If the Park View and Pleasant Plains communities just east of Columbia Heights are the next big thing in D.C. development, then Neighborhood Development Co. is at the forefront of the coming wave.
The D.C.-based company’s proposed project, the Vue on Georgia Avenue, features 112 residential units and 7,000 square feet of ground-floor retail at 3333 Georgia Ave. NW, less than a half mile south of the Georgia Avenue-Petworth Metro station. It’s the latest example of the unmistakable progression of development eastward from Columbia Heights to lower Georgia Avenue, anchored to the south by Howard University and to the north by the Petworth Metro.
“We think it’s the next major growth area for the city,” said Adrian Washington, founder and CEO of Neighborhood Development Co. “Dupont Circle happened 30 years ago, then Logan Circle 20 years ago, and Columbia Heights 10 years ago. Look on the map and see the wave of development and it’s heading east. Georgia Avenue is the next hot area, and 10 years from now it’ll look a lot like Columbia Heights.”
But that progress has its limits and challenges. The D.C. government’s Retail Action Strategy for Georgia Avenue, for example, describes lower Georgia as “somewhat gritty, but lively,” with small-scale retail generally in “poor condition” and bearing “no obvious anchors or hierarchy of streets.”
The Office of Planning portrays lower Georgia Avenue as having an “underlying bone structure” of densely packed row houses and tight alleys that “make this section unlikely to change from its current live-work set-up.” There are some infill development opportunities, according to the Retail Action Strategy, but few opportunities for anchor retail.
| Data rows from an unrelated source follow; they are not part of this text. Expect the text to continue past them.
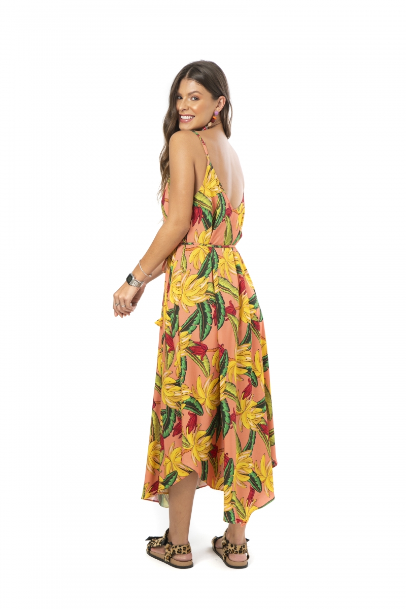 Vestido desenvolvido em tecido viscose, alças reguláveis, cinto para amarração e estampa de bananas.
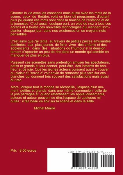 L'auteur vous offre ici, quelques petits pièces de théâtre, courtes, destinées aux enfants et aux adolescents en espérant qu'elles sauront plaire à la fois aux lecteurs et au public en leur apportant quelques instants de bonheur et de joie.Il se tient à la disposition d'éventuels metteurs en scène qui seraient intéressés par ces scénettes.
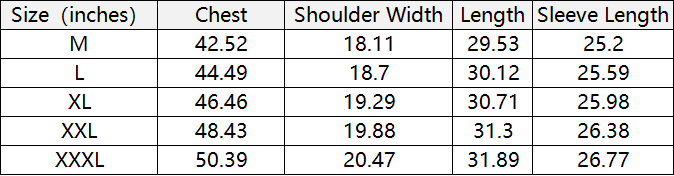Size(CM) Chest Shoulder Width Sleeve length Jacket length
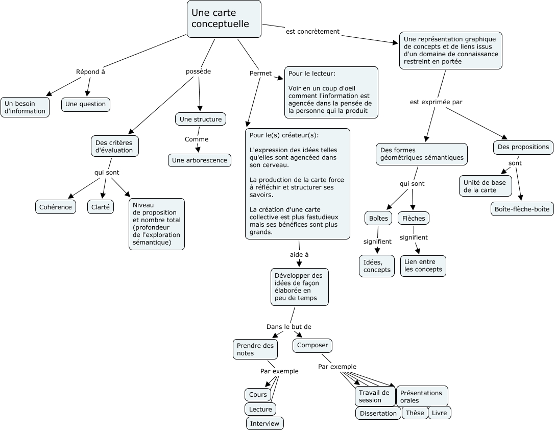 Cette carte de concepts créée avec IHMC CmapTools traite de: Qu est ce qu une Carte conceptuelle, Des propositions sont Unité de base de la carte, Une carte conceptuelle Répond à Un besoin d'information, Boîtes signifient Idées, concepts, Une carte conceptuelle est concrètement Une représentation graphique de concepts et de liens issus d'un domaine de connaissance restreint en portée, Composer Par exemple Présentations orales, Une carte conceptuelle Permet Pour le lecteur: Voir en un coup d'oeil comment l'information est agencée dans la pensée de la personne qui la produit, Une carte conceptuelle possède Des critères d'évaluation, Une représentation graphique de concepts et de liens issus d'un domaine de connaissance restreint en portée est exprimée par Des propositions, Flèches signifient Lien entre les concepts, Composer Par exemple Livre, Des propositions sont Boîte-flèche-boîte, Composer Par exemple Travail de session, Composer Par exemple Thèse, Pour le(s) créateur(s): L'expression des idées telles qu'elles sont agencéed dans son cerveau. La production de la carte force à réfléchir et structurer ses savoirs. La création d'une carte collective est plus fastudieux mais ses bénéfices sont plus grands. aide à Développer des idées de façon élaborée en peu de temps, Des critères d'évaluation qui sont Niveau de proposition et nombre total (profondeur de l'exploration sémantique), Prendre des notes Par exemple Interview, Développer des idées de façon élaborée en peu de temps Dans le but de Prendre des notes, Une carte conceptuelle Répond à Une question, Composer Par exemple Dissertation, Une carte conceptuelle possède Une structure
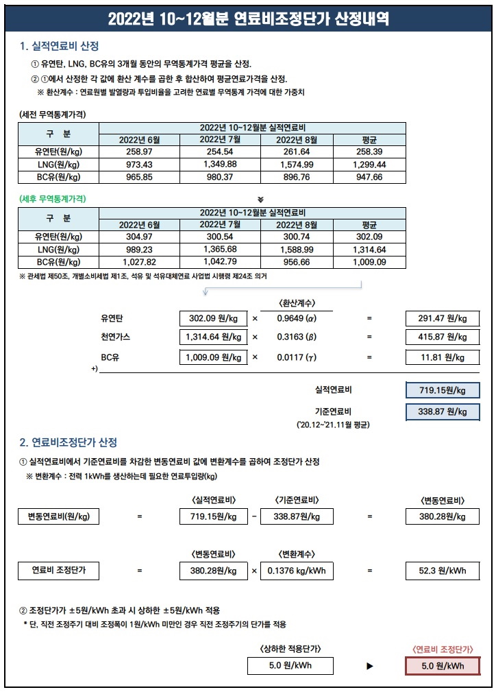 연료비조정단가 +5원
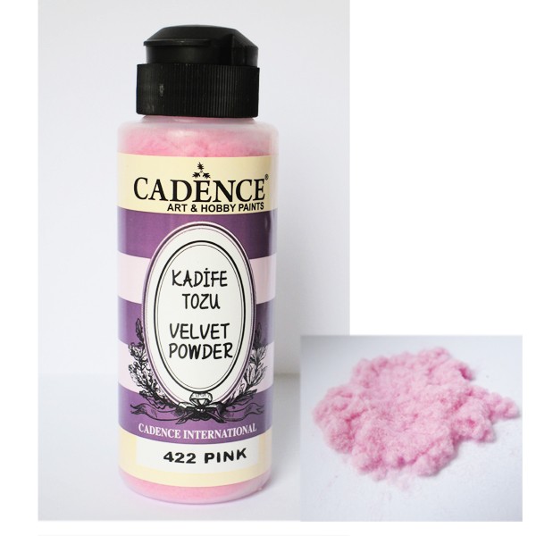 Poudre unique qui donne un effet Velours. Applique pour la technique de pulverisation sur les surfaces peintes. La poudre peut être collée à la colle pour le découpage ou Hobby glue Tacky 0660.

Neighborhood Development is making a nine-figure bet against that skepticism. Its projects dot the Georgia Avenue corridor from Park View and Pleasant Plains to Brightwood, the neighborhood just south of Walter Reed Army Medical Center. The company, formed in 1999, has developed roughly 300,000 square feet on the corridor, with an additional 200,000 in the pipeline, investing more than $100 million, Washington said.
If Neighborhood Development gets the Zoning Commission’s approval for its $30 million Vue, at Georgia Avenue and Morton Street, that project will contain roughly 118,160 square feet of gross floor area in buildings as high as 90 feet, as well as 49 parking spaces in an underground garage. The company bought the site, including an adjacent U.S. post office that will stay on the property, about six months ago and filed its planned unit development application with the commission on Oct. 14. The PUD would rezone the site, about six blocks from the Metro station, from low to medium density. The developer has not decided whether to build apartments or condominiums.
A block south of the proposed Vue is the 38-unit Lamont Street Lofts. A block north is The Heights on Georgia Avenue, a 69-unit building with 10,000 square feet of ground-floor retail. Neighborhood Development will break ground there in two months. The Lower Georgia Avenue Job Training Center is planned for 625-633 Park Road.
Neighborhood Development, partnering with EYA Development, has presented a bid to redevelop the 121,000-square-foot Bruce Monroe Elementary School parcel at Georgia Avenue and Irving Street. The proposal, Washington said, features rental units atop street-level retail — a hardware store, perhaps, or a Yes Organic Market — in addition to EYA-built row homes on the western portion of the site. The two companies submitted the sole bid for the site on Oct. 21.
“We’re heavily invested in Georgia Avenue,” Washington said, “so maybe we see an opportunity where others don’t.”
Aakash Thakkar, EYA’s vice president of development, said the row homes will “blend with the existing community,” like those found at the company’s Harrison Square project at 13th and V streets a mile south of Bruce Monroe.
The city will need several weeks to vet the proposal before moving forward, said Jose Sousa, spokesman for the deputy mayor for panning and economic development. Construction, which may include a new school, is years away.
But that timing doesn’t unnerve Washington. “We’re here for the long term,” he said. “We’ve been here for eight years now. We’ve delivered 300 units of housing, a new grocery store, a new sit-down restaurant [Brightwood Bistro]. We’re patient, but we’ve had a lot of success along the way. We’re not just sitting here surviving on bread and water.”
Democratic D.C. Councilman Jim Graham, whose Ward 1 includes the Seventh Street-Georgia Avenue corridor, said the area is about to explode with development — from the Howard Theatre and United Negro College Fund headquarters at Seventh and T streets to the Howard Town Center at Georgia and V streets, from Bruce Monroe to Petworth Metro.
It’s a long time coming, Graham said.
“There’s a huge set of opportunities, and it’s all ready to go,” he said. “It’s a logical next step for Ward 1 and the city. Georgia has been ready for this.”